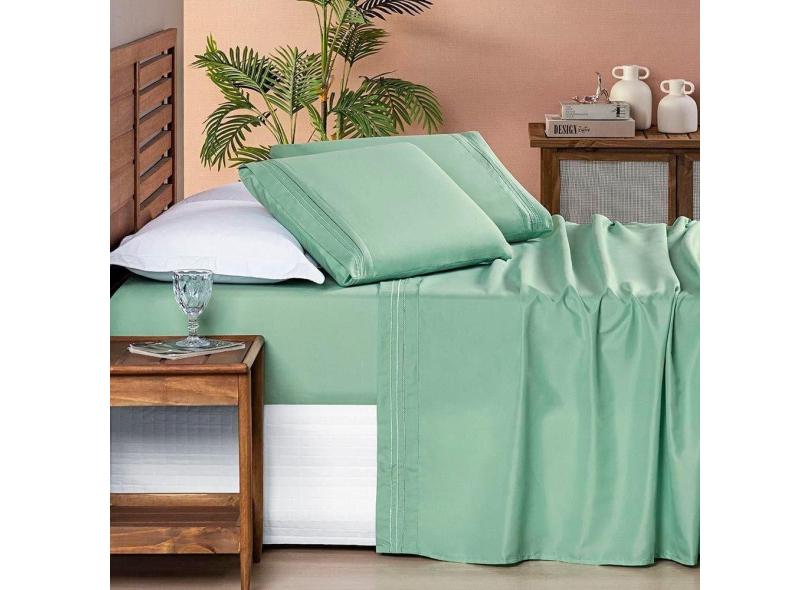 Jogo de Lençol Aria Casal 4 Peças Micropercal 200 Fios Suave Detalhe Bordado - Salvia Verde
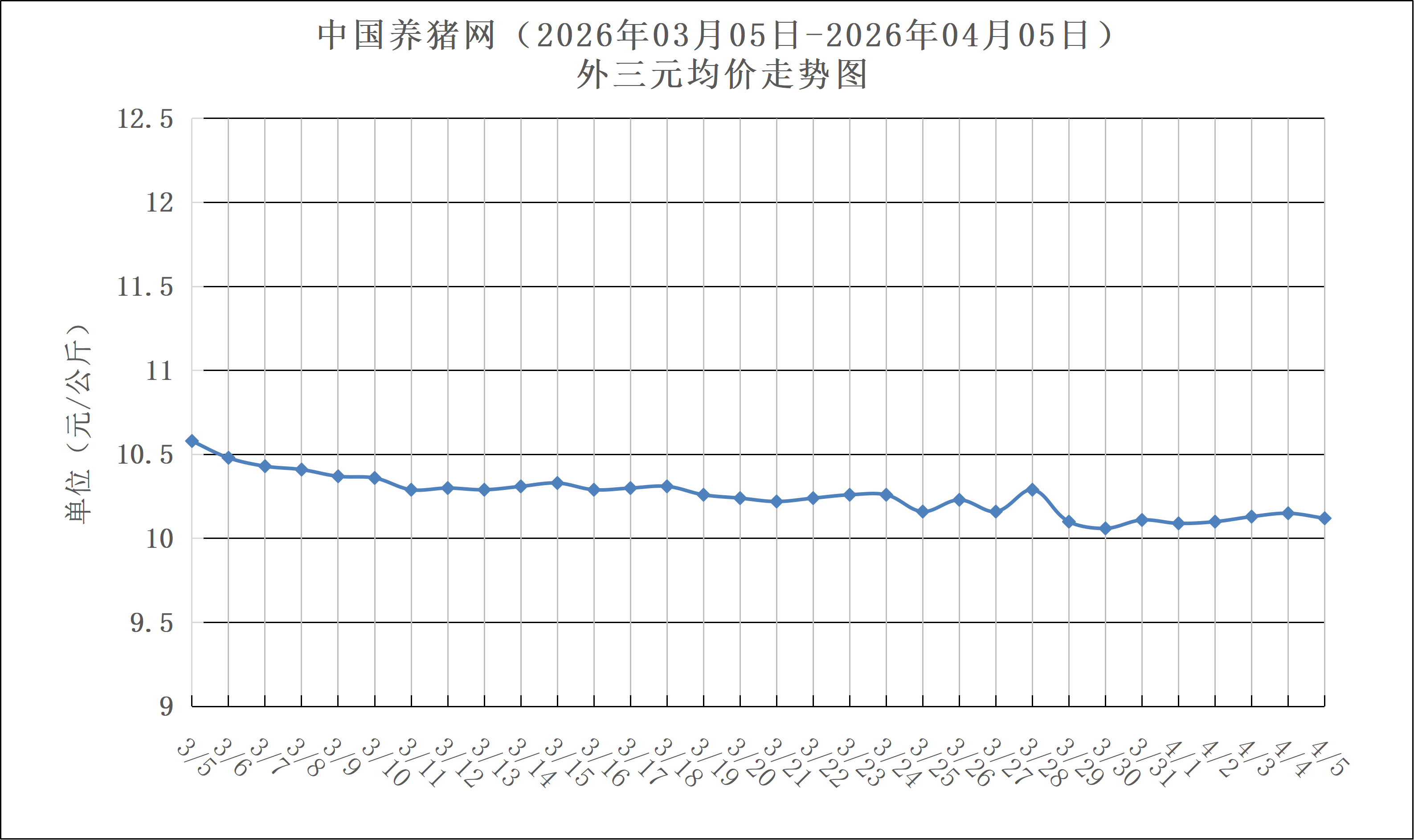 、2026年03月05日-2026年04月05日中国养猪网生猪(外三元)均价走势图
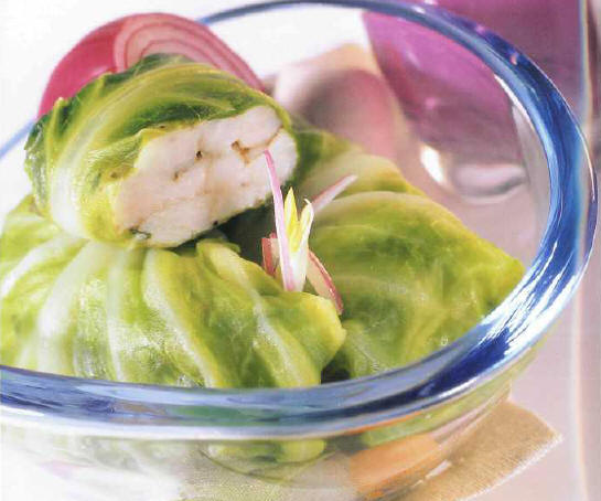 6 - Servir les farcis de chou au poisson chauds arrosés d'huile d'olive et accompagnés de la sauce mayonnaise rosé.
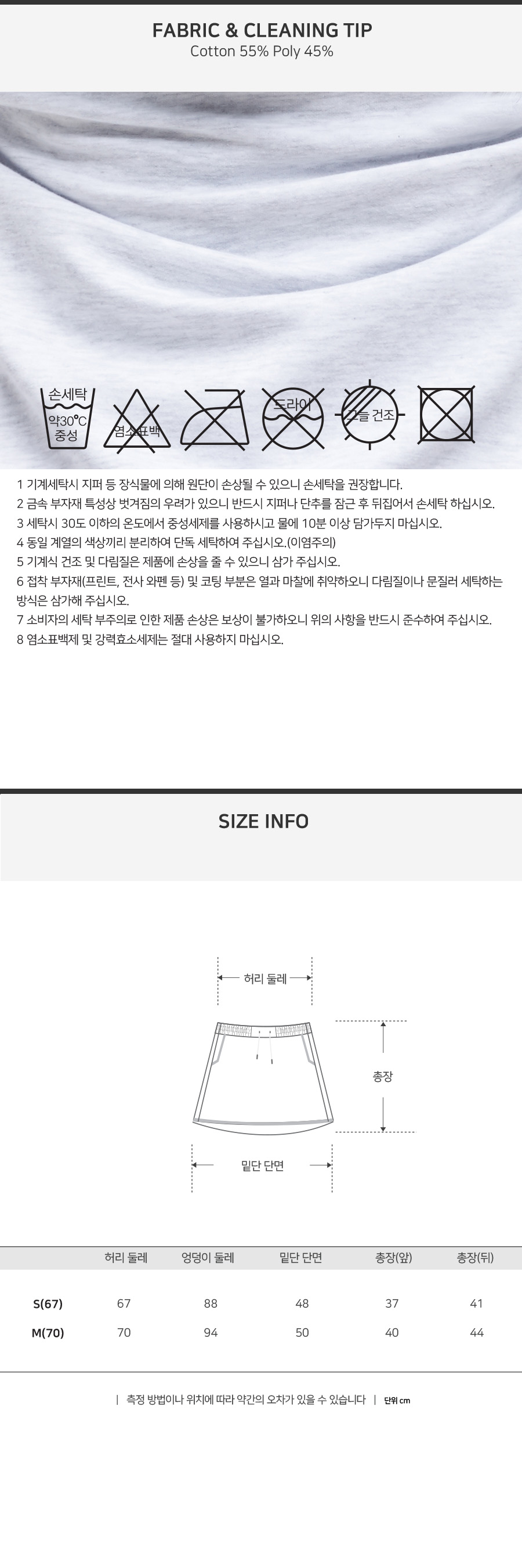 | 세탁방법 및 취급시 주의사항 | 1 기계세탁시 지퍼 등 장식물에 의해 원단이 손상될 수 있으니 손세탁을 권장합니다. 2 금속 부자재 특성상 벗겨짐의 우려가 있으니 반드시 지퍼나 단추를 잠근 후 뒤집어서 손세탁 하십시오. 3 세탁시 30도 이하의 온도에서 중성세제를 사용하시고 물에 10분 이상 담가두지 마십시오. 4 동일 계열의 색상끼리 분리하여 단독 세탁하여 주십시오.(이염주의) 5 기계식 건조 및 다림질은 제품에 손상을 줄 수 있으니 삼가 주십시오. 6 접착 부자재(프린트, 전사 와펜 등) 및 코팅 부분은 열과 마찰에 취약하오니 다림질이나 문질러 세탁하는 방식은 삼가해 주십시오. 7 소비자의 세탁 부주의로 인한 제품 손상은 보상이 불가하오니 위의 사항을 반드시 준수하여 주십시오. 8 염소표백제 및 강력효소세제는 절대 사용하지 마십시오. |

--------------------------------------------------

* **Work request**
Your reply must match the data above line for line, except that it holds no pictures.

* **Task response**
 Jogo de Lençol Aria Casal 4 Peças Micropercal 200 Fios Suave Detalhe Bordado - Salvia Verde
 、2026年03月05日-2026年04月05日中国养猪网生猪(外三元)均价走势图
 6 - Servir les farcis de chou au poisson chauds arrosés d'huile d'olive et accompagnés de la sauce mayonnaise rosé.
 | 세탁방법 및 취급시 주의사항 | 1 기계세탁시 지퍼 등 장식물에 의해 원단이 손상될 수 있으니 손세탁을 권장합니다. 2 금속 부자재 특성상 벗겨짐의 우려가 있으니 반드시 지퍼나 단추를 잠근 후 뒤집어서 손세탁 하십시오. 3 세탁시 30도 이하의 온도에서 중성세제를 사용하시고 물에 10분 이상 담가두지 마십시오. 4 동일 계열의 색상끼리 분리하여 단독 세탁하여 주십시오.(이염주의) 5 기계식 건조 및 다림질은 제품에 손상을 줄 수 있으니 삼가 주십시오. 6 접착 부자재(프린트, 전사 와펜 등) 및 코팅 부분은 열과 마찰에 취약하오니 다림질이나 문질러 세탁하는 방식은 삼가해 주십시오. 7 소비자의 세탁 부주의로 인한 제품 손상은 보상이 불가하오니 위의 사항을 반드시 준수하여 주십시오. 8 염소표백제 및 강력효소세제는 절대 사용하지 마십시오. |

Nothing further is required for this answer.